Windows Vista on a MacBook — progress report

Following-up to my musings yesterday on Vista and a MacBook: The short version: it dun’ work.

Longer version: Boot Camp is wonderful. Vista installation is fairly smooth and simple. But installing drivers in Vista… ugh ugh ugh. It doesn’t like one of the drivers on Apple’s CD, but the ‘yes, I know it’s unsigned, please do it anyway’ dialogues don’t tell you which driver they’re for! Seriously. So when it craps out after a few, displays a meaningless error code dialogue, rolls back the install, and then (five minutes later) bluescreens, there’s not a lot I can do.

Unfortunately, Apple’s driver disc is all rolled up into one nice big InstallShield package, with which there’s no interaction. While it does extract the individual drivers, the ‘it’s all gone wrong, rolling back’ exit deletes most of them again. Though, curiously, it leaves behind the drivers for the hardware I haven’t got (Nvidia and ATI graphics cards, for example).

So at the moment I have Vista in 800×600 (stretched), with no graphics acceleration. Ugh. Oh, and for all the moaning we Mac-heads do about bouncing ruddy dock icons, at least there’s some indication that something is happening. Driver disc autorun takes about seven minutes before opening a window (!), during which time there is no sign that anything’s going on. Nor is there any visual indication that the system has registered an application icon double-click (cf. Mac OS’s zooming rectangle, and OS X’s translucent flying icon thing). So it’s very easy to end up with three install processes on the go, which doubtless doesn’t help.

Somehow – and despite Vista claiming to roll back the installs – I now do have wireless networking enabled. So I may be able to find drivers online somewhere – it’s all standard PC hardware, after all. But I’m not sure I can be bothered. Oh, and those infamous User Access Control dialogues? They’re hilariously bad, giving little indication of what’s about to be done. Click the ‘tell me more’ button, and you’re presented with a few lines of config.wibble\serial number\blah gibberish. Hopeless, frankly. I’ve seen more civilised spyware.

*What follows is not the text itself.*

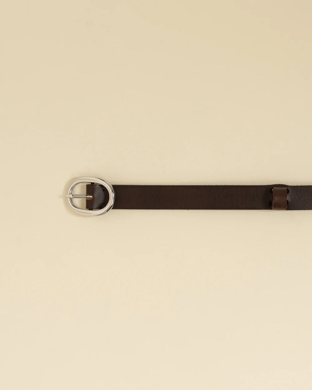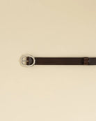 cintura in pelle di bovino, colore moro, chiusura in metallo, fibbia ovale, stampa logo all'interno
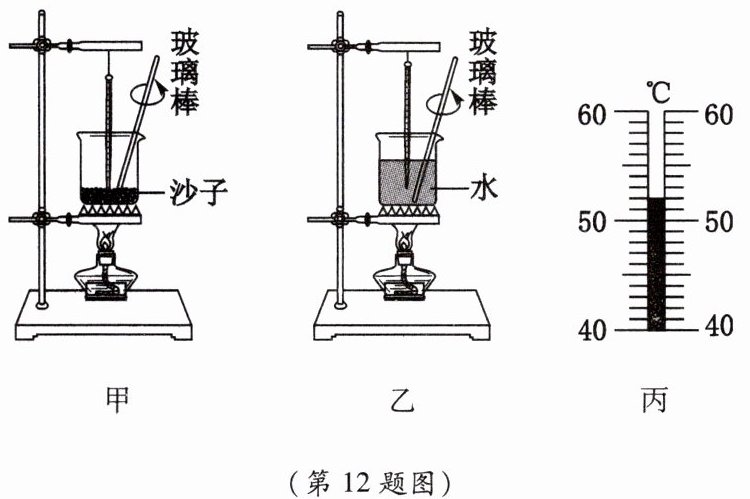 12. 探究小组的同学比较沙子和水的比热容大小,实验装置如图甲、乙所示。

On the one hand, I’m not too discouraged by all this; it’s a test release, and I know that the driver disc is intended for XP SP2. However, hardware heterogeneity has clearly led to a driver nightmare situation for Windows users, and it’s not getting any simpler. Drivers have been an ongoing disaster zone on my Windows XP box, and I suppose I was hoping that Vista could somehow wave a magic wand and solve all the problems. That’s crazy talk, obviously.

But… see what happened here? By defining a strict subset of PC hardware, Apple have been able to at least start addressing one of the fundamental problems of Windows. Which is that it simply doesn’t work ‘out of the box.’ That’s bizarre, but actually rather clever. If I bought a Dell, Toshiba, Sony, whatever now, would I have any assurance that it will run well with Vista? Where will I get suitable drivers – by scrabbling around online and trying to work out if I have a C-Media 5650 or 5650pi or…? I don’t think so.

Or I can spend about the same amount of money on a Mac, and cross my fingers that Apple will roll everything up neatly for me, by around the time Vista ships. Which seems plausible, given that this current driver disc allegedly does work just fine with XP SP2.

I’m slightly gobsmacked by this. The MacBook, right now, doesn’t work with Vista. But I have bizarrely greater confidence that it will, eventually, than I do that my bona-fide, currently-running-XP PC will ever stand a chance. That’s… oh, my brain hurts.

1 Comment

  1. I said you shouldn’t have bothered.